“While considerable progress has been achieved in protecting human rights in recent years, the Lithuanian authorities still have to address some remaining shortcomings, in particular as regards the protection of women, children and persons with disabilities” said Nils Muižnieks, Council of Europe Commissioner for Human Rights, in a report released today based on a visit to the country carried out in December 2016, the Council of Europe reported in a press release.
Nils Muižnieks, Council of Europe Commissioner for Human Rights
© AFP / Scanpix

Commending the progress made to prevent and combat domestic and gender-based violence, the Commissioner recommends harmonising the provisions of the Criminal Code and Criminal Procedure Code with those of the 2011 Law on Protection against domestic violence, most notably with regard to the application of protection measures. “Judges should be made fully aware of the important role they play in protecting victims, preventing repeated instances of abuse and bringing perpetrators to justice. Furthermore, a unified and systematic approach to preventing violence and responding to calls for help should be developed and consistently applied throughout the country”, said the Commissioner.

He also calls on the Lithuanian authorities to ratify the Council of Europe Convention on preventing and combating all forms of violence against women and domestic violence (Istanbul Convention), because it provides an effective framework and methodology to help address the root causes of gender-based violence.

The Commissioner recommends implementing the law banning all forms of violence against children through a coordinated strategy and effective and independent monitoring. “All national and local actors should be involved in preventing violence against children and in protecting and supporting the victims. It is paramount that the authorities let the public and professionals dealing with children understand that violence has no place in the education of a child, and that positive and non-violent forms of child-rearing should be adopted.”

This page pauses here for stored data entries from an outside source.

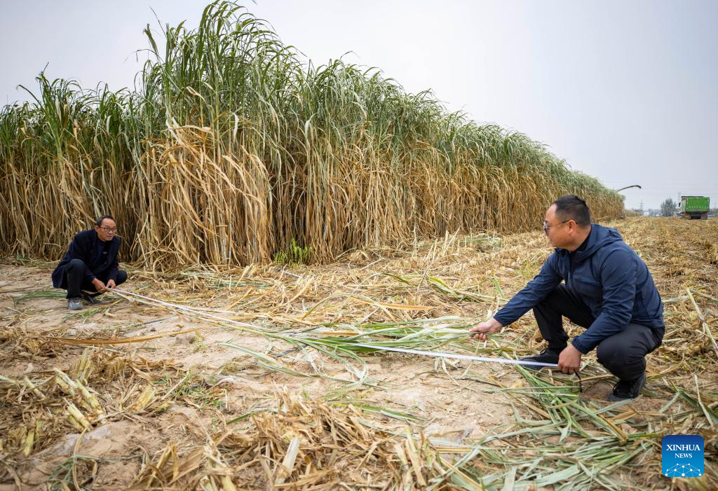 Technicians check the growth of giant Juncao in Minning Town of Yongning County in Yinchuan, northwest China's Ningxia Hui Autonomous Region, Oct. 23, 2025. Giant Juncao cultivated in Minning Town of Yongning County has recently entered the harvest season. The harvested giant Juncao will be used as silage to support the development of the cattle and sheep breeding industry. (Xinhua/Yang Zhisen)
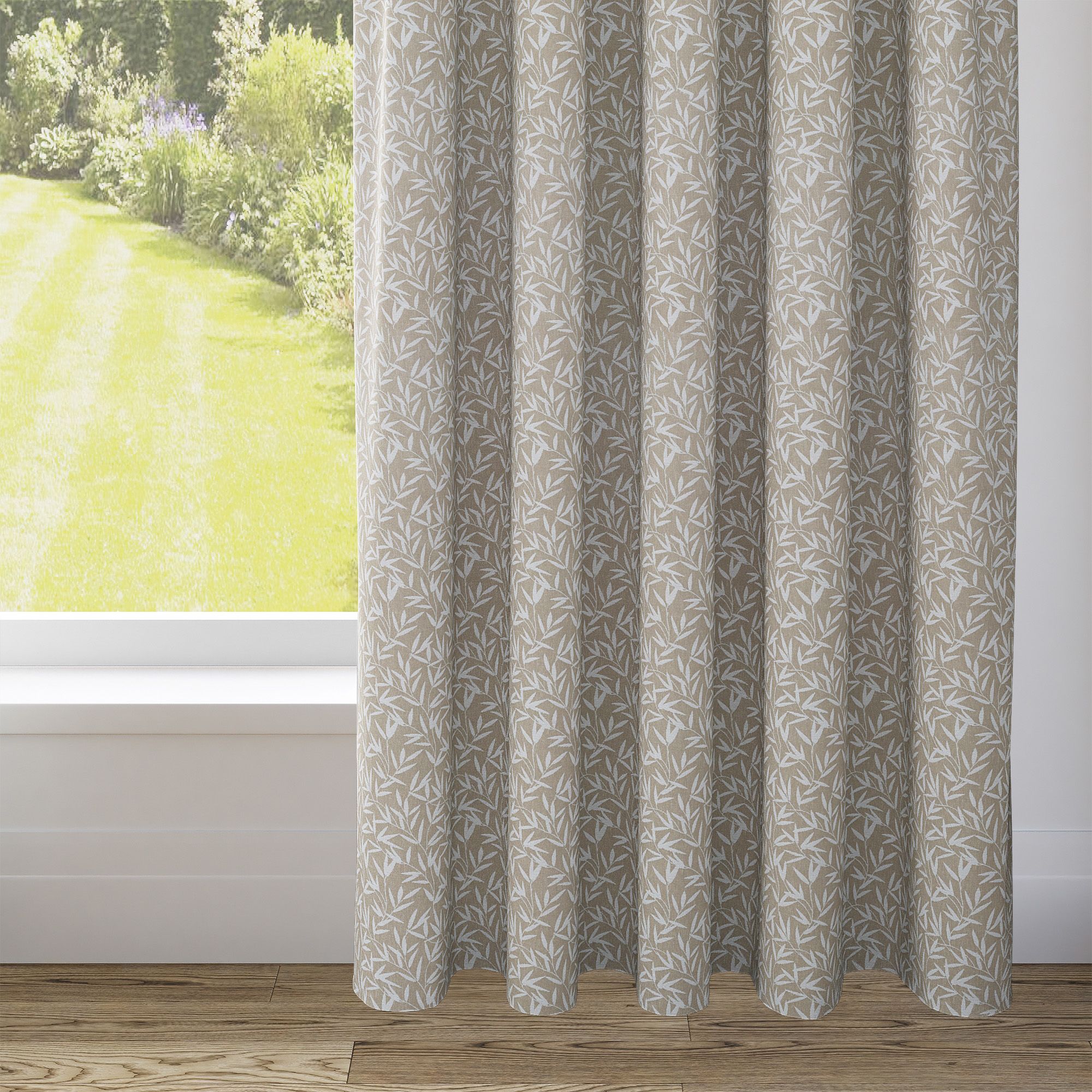 Laura Ashley Willow Leaf Chenille Natural Pencil Pleat Curtain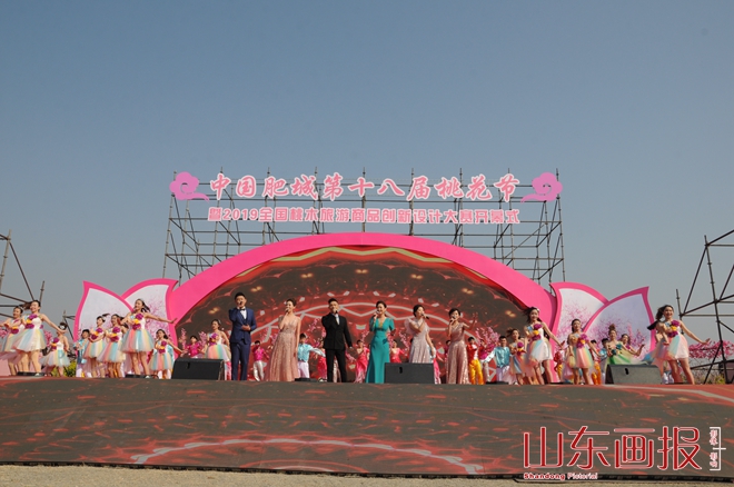 文艺演出在歌舞《春天的礼赞》中拉开帷幕,节目甫一亮相便抓住观众眼球,让人怦然心动;元气少女组合AK98少女队带来歌舞《桃花笑》燃爆现场;小品《桃花开了》让游客捧腹欢笑的同时不禁为桃农对肥桃的辛勤付出点赞;诗词歌舞秀《千年游》把《左传》搬上舞台,让游客在孩童歌舞表演中感受千年前的古训、品味古老智慧;更有“甜歌皇后”李玲玉带来《天竺少女》、《春暖花开》,带来对肥城的真挚祝福,把演出推向高潮;著名词曲作者、歌手陈小熊专门创作了肥城桃花节专属音乐作品——《肥城四月好风光》,为桃花节奉献了经典之作;在外追梦肥城人王紫格带来精彩演出,为家乡送福;节目最后,台上台下、演员与观众以快闪形式合唱《我和我的祖国》,献礼新中国70岁华诞。整台演出集本土元素与现代流行元素于一体,以艺术美感、语言情感、场景实感和青春动感带给游客耳目一新、与众不同的视听享受,让游客赏花看景品民俗,嬉戏游乐思乡愁。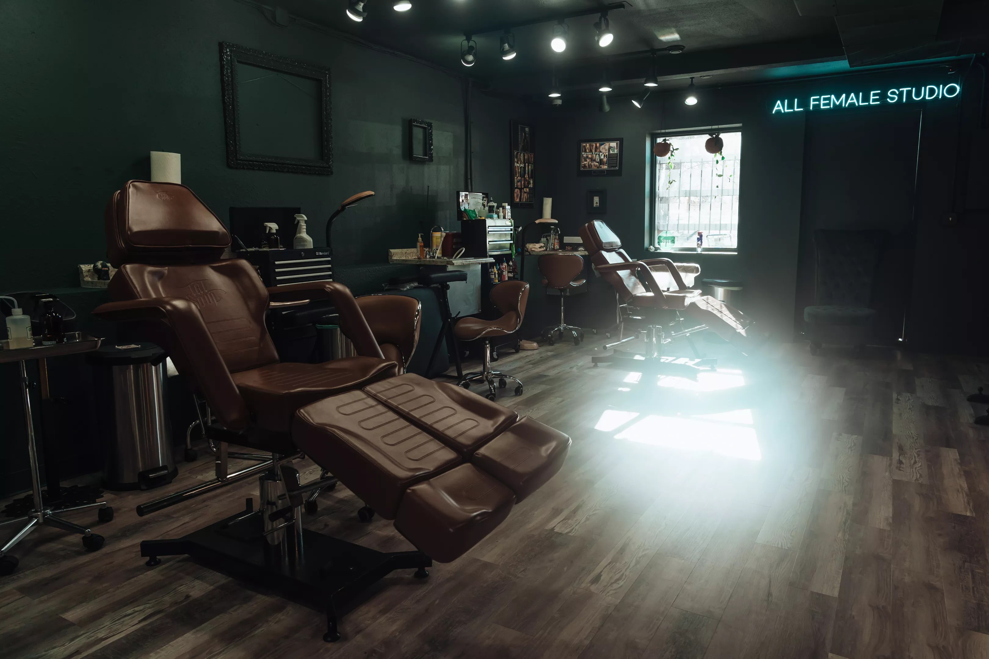 The Wolf Den’s atmosphere is diametrically opposed to that of the stereotypical macho tattoo parlor. Customers enter into an art gallery with a comfortable green couch and dainty tables topped with candles. One open spot on the wall is reserved for a photo of finished tattoos, making body art a part of the gallery. From there, a sleek glass door leads into the parlor, where three walls are painted forest green and the fourth is covered with wallpaper depicting a misty forest landscape. Softly glowing neon signs read “All Female Studio,” “Do What You Love” and “We Aren’t Sheep.” Calming music fills the space, which is festooned with houseplants. If it weren’t for the tattoo chairs and gear, the studio could pass for a bohemian massage parlor.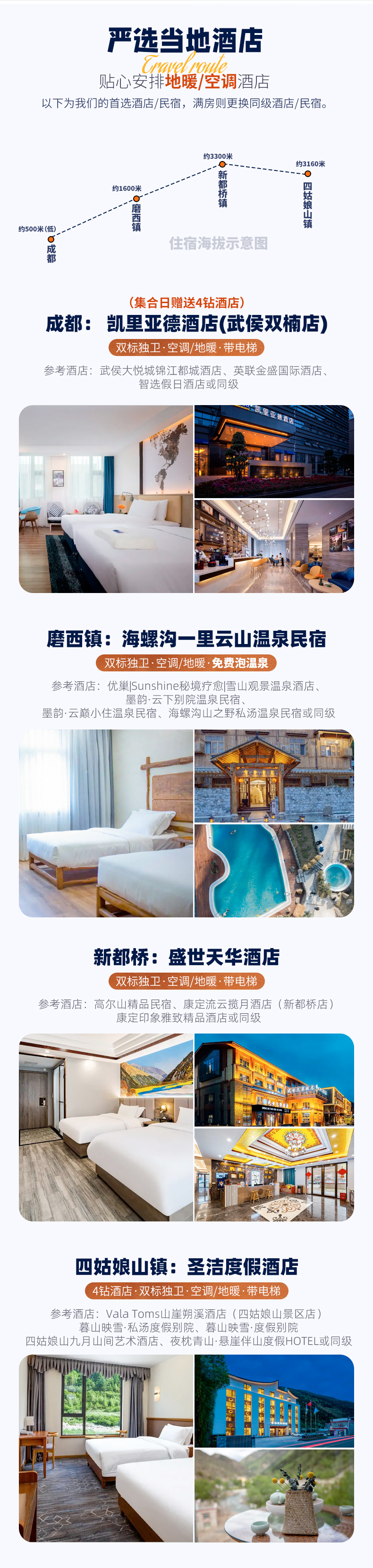 2、住宿:全程4晚地暖/空调标间住宿(含集合日1晚赠送4钻酒店、不住不退);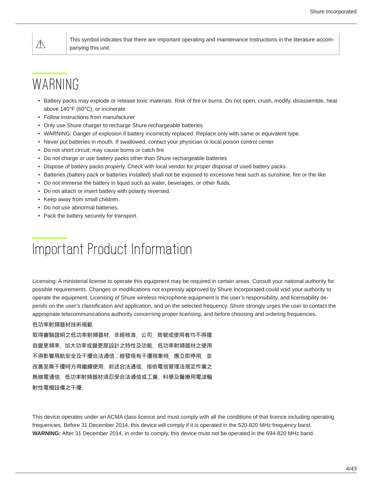 Do not charge or use battery packs other than Shure rechargeable batteries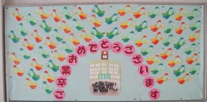 玄関掲示が変わりました。大空に飛び立つ63機の飛行機。6年生の卒業を祝った掲示になっています。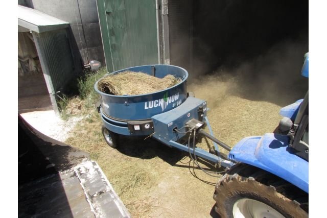 After considerable market demand, LuckNow Products is proud to reintroduce its line of Bale Processors to augment its time proven mixer feeder line. The new and improved BP744 model has a 7 foot diameter tub capable of processing all of the round or square hay and straw bales you can throw at it. It includes a discharge side capable of spreading processed material up to 40 ft away with a 10 ft wide spread and an opposite side capable of piling into windrows. Built with the same rugged and reliable design like all other LuckNow Products, the new Bale Processor will keep on processing for years to come. |
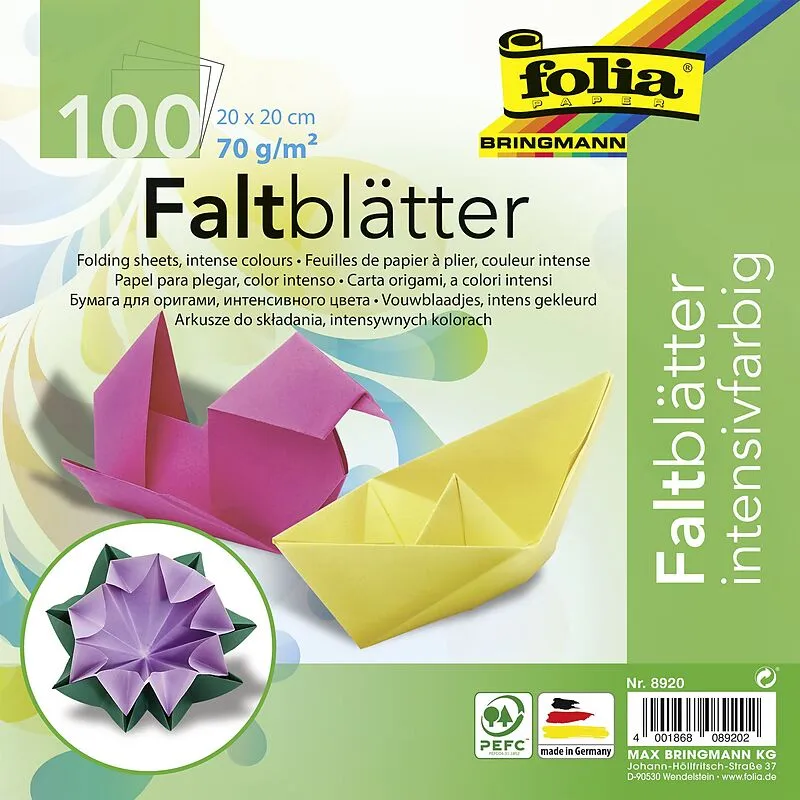 Faltblätter 70g/qm, 20x20cm, 100 Blatt in 10 verschiedenen Farben, durchgefärbt, durch das Falten entstehen aus den quadratischen Blättern 2- oder 3-dimensionale Origamitiere, Papiergirlanden, Fensterbilder, Sterne und andere Figuren. Faltarbeiten fördern die ...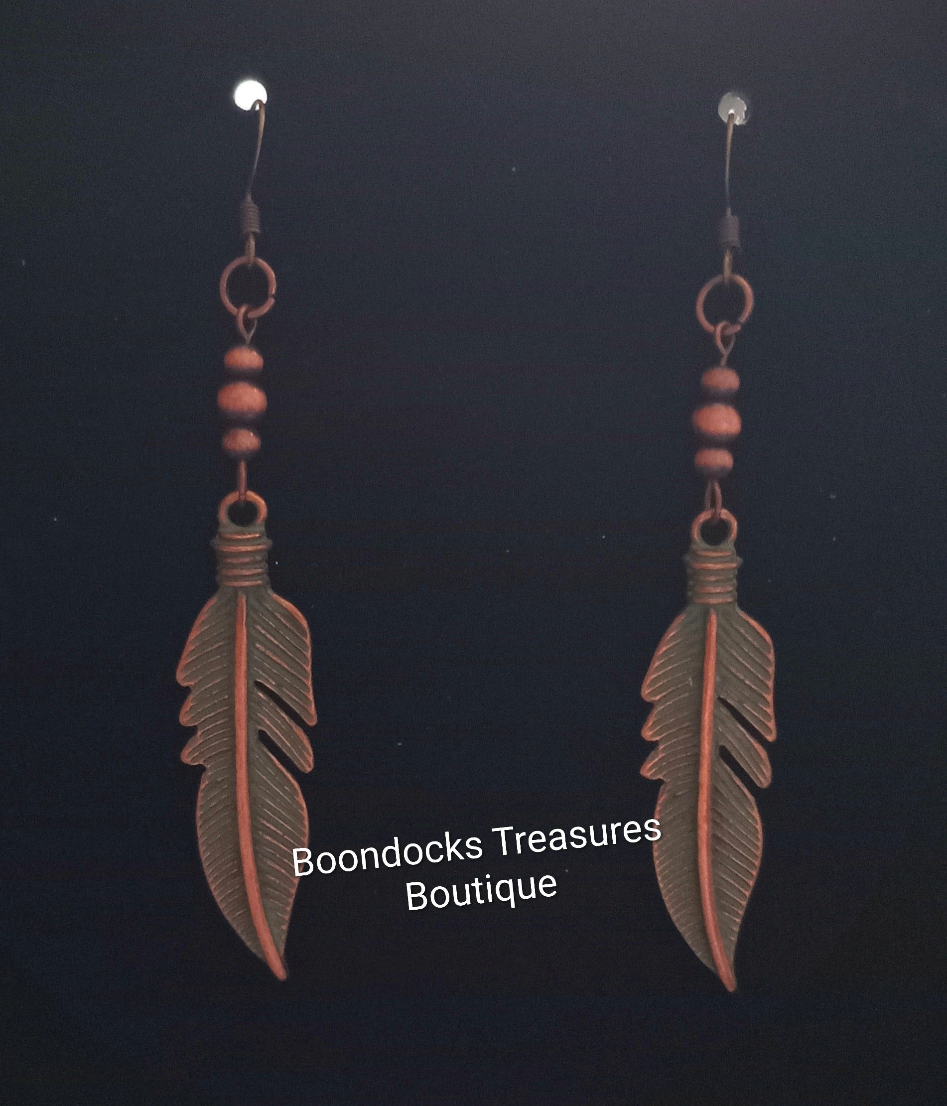 Copper/ Tarnished Copper Look Feathers Handmade Earrings
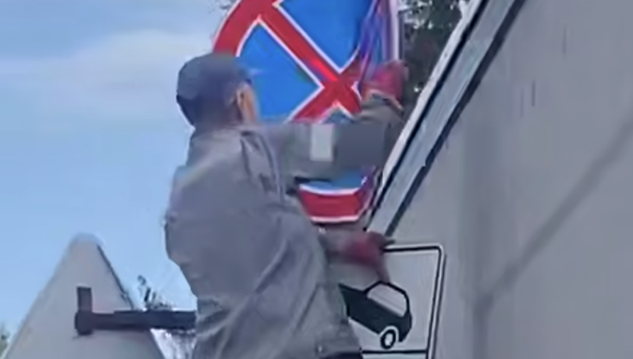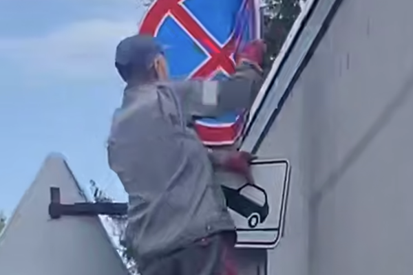 «Получил очень «увлекательное» видео, спасибо автору за неравнодушие: в самом сердце Омска группа товарищей курочит дорожные знаки, чтобы большегруз мог протиснуться на узкую улочку. Подготовились, как надо, даже стремянку прихватили», — сообщил Шелест.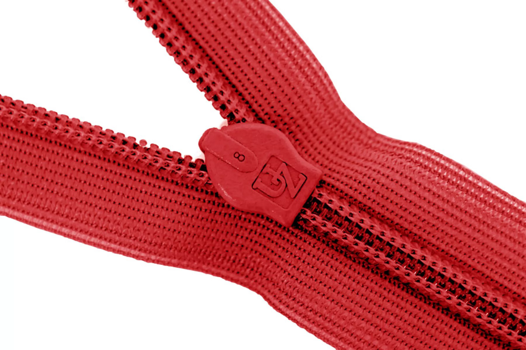 Потайная молния красного цвета, длина 20 см. Неразъемная. Зубцы пластиковые, слайдер и пуллер - металл. Ширина молнии 2 см. Ширина зубцов 4 мм.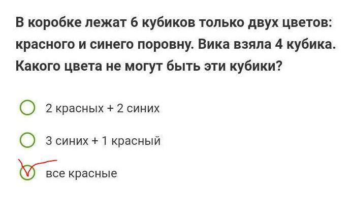 Значит 4 кубика не может быть красного цвета.
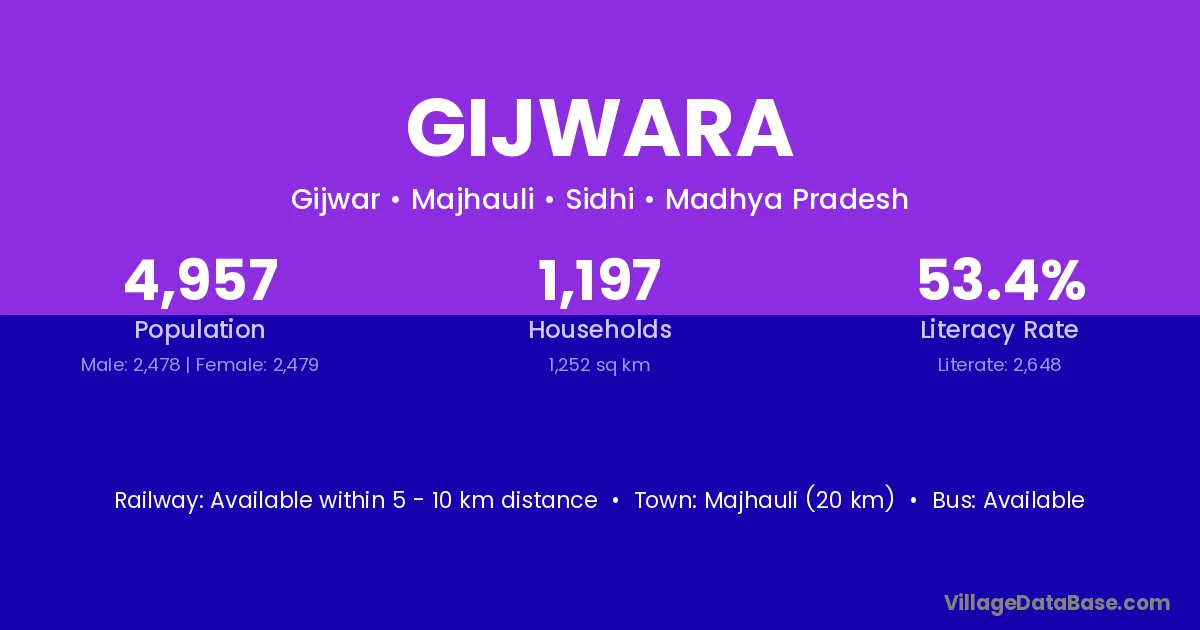 Majhauli (20 km) is the nearest town to Gijwara village for major economic activities and is located approximately 20 km away.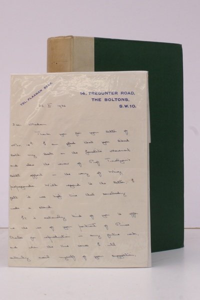 8vo., First Edition; green cloth, ivory cloth back lettered in silver, backstrip sunned to blank, else a very good clean copy. WITH AN A.L.s WRITTEN FROM THE AUTHOR'S RESIDENCE AT 14 TREGUNTER ROAD, THE BOLTONS IN LONDON'S CHELSEA THANKING THE RECIPIENT FOR THE OFFER OF A PORTRAIT FOR INCLUSION IN A FORTHCOMING BOOK. Presents ten years of research with a very useful bibliography
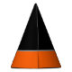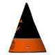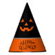 This party hat is shown in a Halloween pumpkin face print.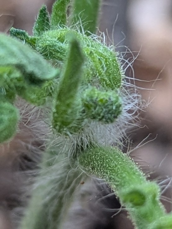 This is the photo of the second sucker... It has the tinyest megabloom on it. Now I have a method to choose the best second main vine. Yay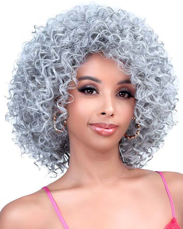 Silver Grey Afro Curly Wig for Women – Short Kinky Curly Synthetic Hair, Natural Voluminous Look for Cosplay, Party, Daily Wear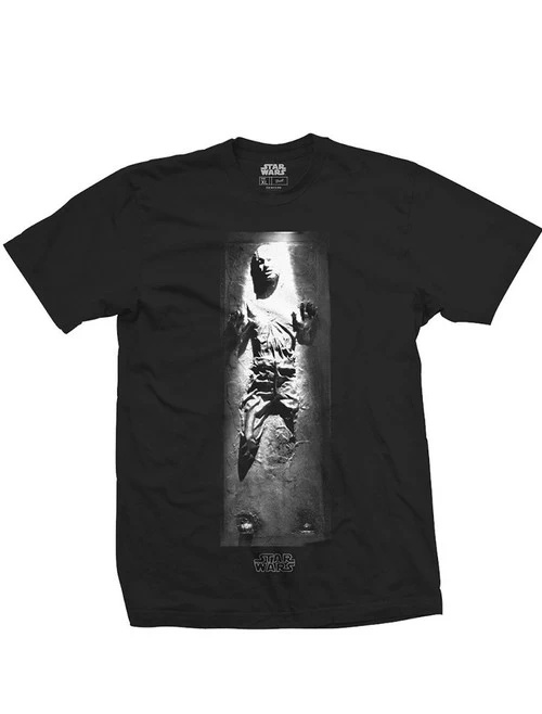 - An official licensed men’s cotton tee featuring the Star Wars ‘Han in Carbonite’ design motif.

Furthermore, the Commissioner urges the Lithuanian authorities to avoid placing children deprived of parental care or with behaviourial problems in institutions, and to develop instead community- and family-based care alternatives.

As regards the human rights of persons with disabilities, the Commissioner recommends accelerating the process of deinstitutionalisation and adopting measures to foster independent and autonomous living. Additionally, he encourages the authorities to pursue their on-going efforts to develop a system of supported decision-making based on individual consent, to treat persons with disability with equal standing in courts and tribunals, and to uphold their rights to vote and stand for elections. The authorities should also eliminate coercive practices in psychiatry and authorise involuntary placements in closed settings only on the basis of objective and non-discriminatory criteria and with adequate safeguards. “Placement of persons in closed wards and care homes against their will but with the consent of their guardians or legal representatives should be fully abolished.”

Lastly, the Commissioner recommends establishing a truly inclusive education system for children with disabilities rather than placing them in special schools, doing away with segregated work environments, and implementing effective policies to facilitate employment opportunities and to ensure universal access to quality health care, housing, transport and public facilities for persons with disabilities.